We initially focus on the three cases from Ghorbani & Zou (2019), shown in Table 2. (1) uses Google image search results (cheaply collected dataset) to predict skin lesion classification on HAM 10000 data (clean), (2) uses MNIST data to recognize digit on USPS dataset, (3) uses Email spam data to detect spam in an SMS dataset. The experimental settings are exactly the same with Ghorbani & Zou (2019). Table 2 shows that DVRL significantly outperforms Baseline and Data Shapley in all three tasks. One primary reason is that DVRL jointly optimizes the data value estimator and corresponding predictor model; on the other hand, Data Shapley needs a two step processes to construct the predictor model in domain adaptation setting.

Next, we focus on a real-world tabular data learning problem where the domain differences are significant. We consider the sales forecasting problem with the Rossmann Store Sales dataset, which consists of sales data from four different store types. Simple statistical investigation shows a significant discrepancy between the input feature distributions across different store types, meaning there is a large domain mismatch across store types (see Appendix F). To further illustrate distribution difference across the store types, we show the t-SNE analysis on the final layer of a discriminative neural network trained on the entire dataset in Appendix Fig. 11. We consider three different settings: (1) training on all store types (Train on All), (2) training on store types excluding the store type of interest (Train on Rest), and (3) training only on the store type of interest (Train on Specific). In all cases, we evaluate the performance on each store type separately. For example, to evaluate the performance on store type D, Train on All setting uses all four store type datasets for training, Train on Rest setting uses store types A, B and C for training, and Train on Specific setting only uses the store type D for training. Train on Rest is expected to yield the largest domain mismatch between training and testing sets, and Train on Specific yield the minimal.

Predictor Model Store Train on All Train on Rest Train on Specific
(Metric: RMSPE) Type Baseline DVRL Baseline DVRL Baseline DVRL
XGBoost A 0.1736 0.1594 0.2369 0.2109 0.1454 0.1430
B 0.1996 0.1422 0.7716 0.3607 0.0880 0.0824
C 0.1839 0.1502 0.2083 0.1551 0.1186 0.1170
D 0.1504 0.1441 0.1922 0.1535 0.1349 0.1221
Neural Networks A 0.1531 0.1428 0.3124 0.2014 0.1181 0.1066
B 0.1529 0.0979 0.8072 0.5461 0.0683 0.0682
C 0.1620 0.1437 0.2153 0.1804 0.0682 0.0677
D 0.1459 0.1295 0.2625 0.1624 0.0759 0.0708
Table 3: Performance of Baseline and DVRL in 3 different settings with 2 different predictor models on the Rossmann Store Sales dataset. Metric is Root Mean Squared Percentage Error (RMSPE, lower the better). We use 79% of the data as training, 1% as validation, and 20% as testing. DVRL outperforms Baseline in all settings.

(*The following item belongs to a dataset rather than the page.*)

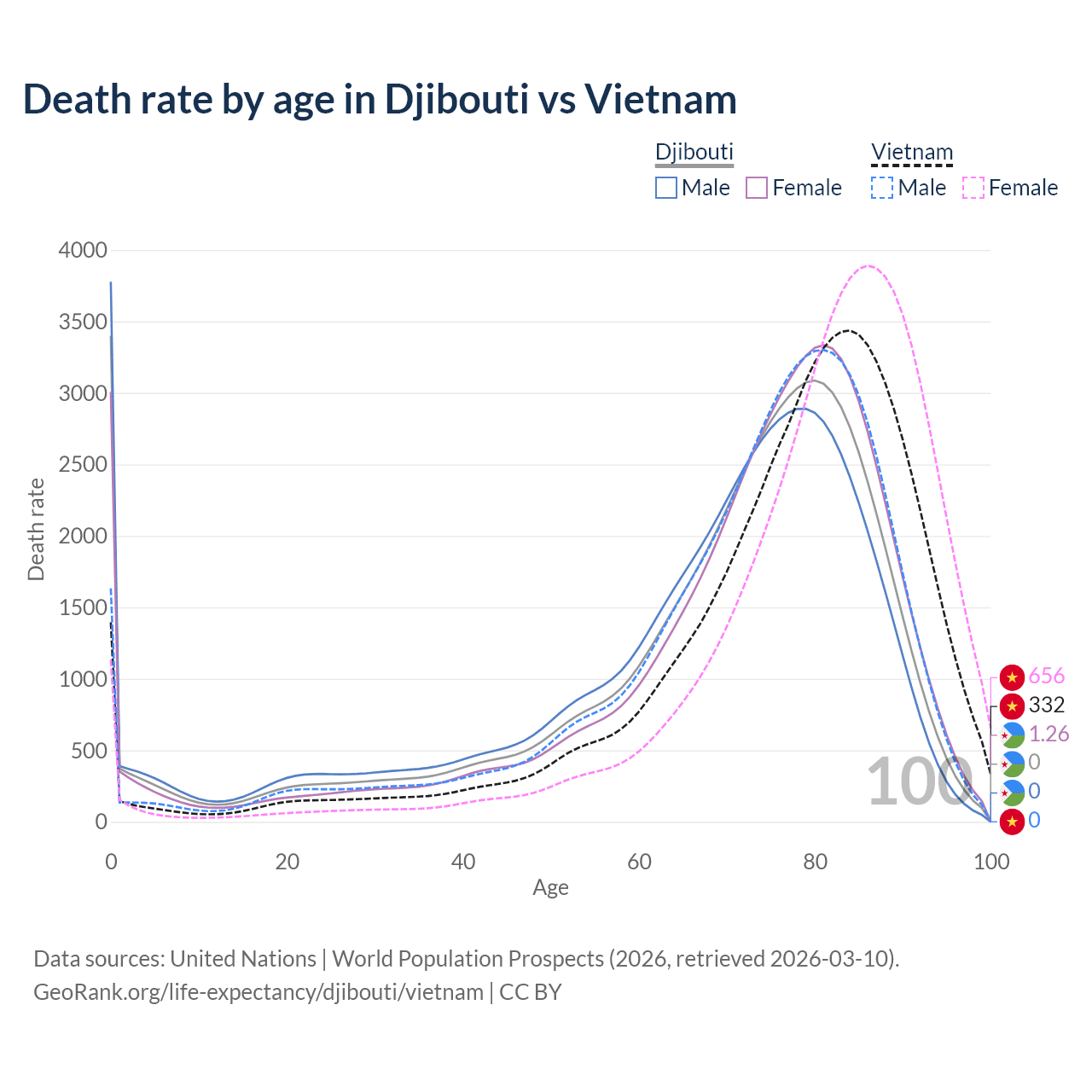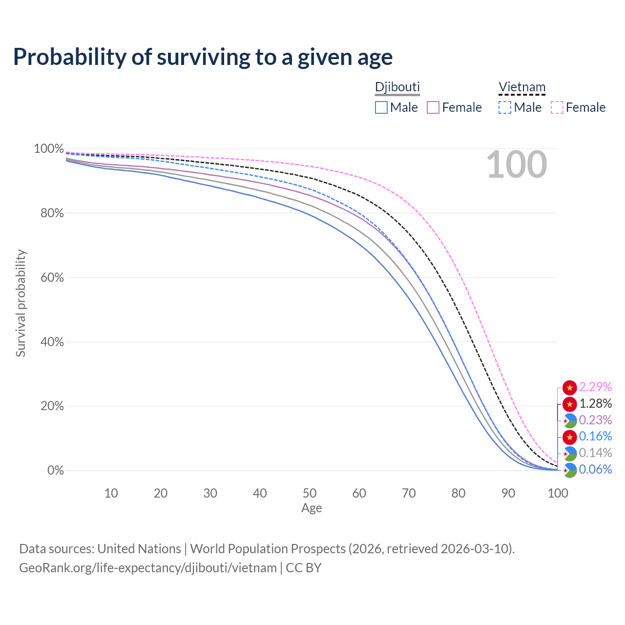 This life expectancy calculator shows the odds of living to 100, 95, 90, and below based on current age for both males and females in Djibouti and Vietnam, along with mean and median age of death. The calculations are based on the 2026 life tables (actuarial tables) from the UN World Population Prospects.

We evaluate the prediction performance of Baseline (train the predictor model without data valuation) and DVRL in 3 different settings with 2 different predictor models (XGBoost (Chen & Guestrin, 2016) and Neural Networks (3-layer perceptrons)). As shown in Table 3, DVRL improves the performance in all settings. The improvements are most significant in Train on Rest setting due to the large domain mismatch. For instance, DVRL reduces the error more than 50% for store type B predictions with XGBoost in comparison to Baseline. In Train on All setting, the performance improvement is still significant, showing that DVRL can distinguish the samples from the target distribution. In Appendix G, we demonstrate that DVRL actually prioritizes selection of the samples from the target store type. In Train on Specific setting, the performance improvements are smaller – even without domain mismatch, DVRL can marginally improve the performance by accurately prioritizing the important samples within the same store type. These results further support the conclusions from Fig. 2 in the conventional supervised learning setting that DVRL learns high quality data value scores.

4.5 Discussion: How many validation samples are needed?

DVRL requires a validation dataset from the target distribution that the testing dataset comes from. Depending on the task, the requirements for the validation dataset may involve being noise-free in labels, being from the same domain, or being high quality. Acquiring such a dataset can be costly in some scenarios and it is desirable to minimize its size requirements.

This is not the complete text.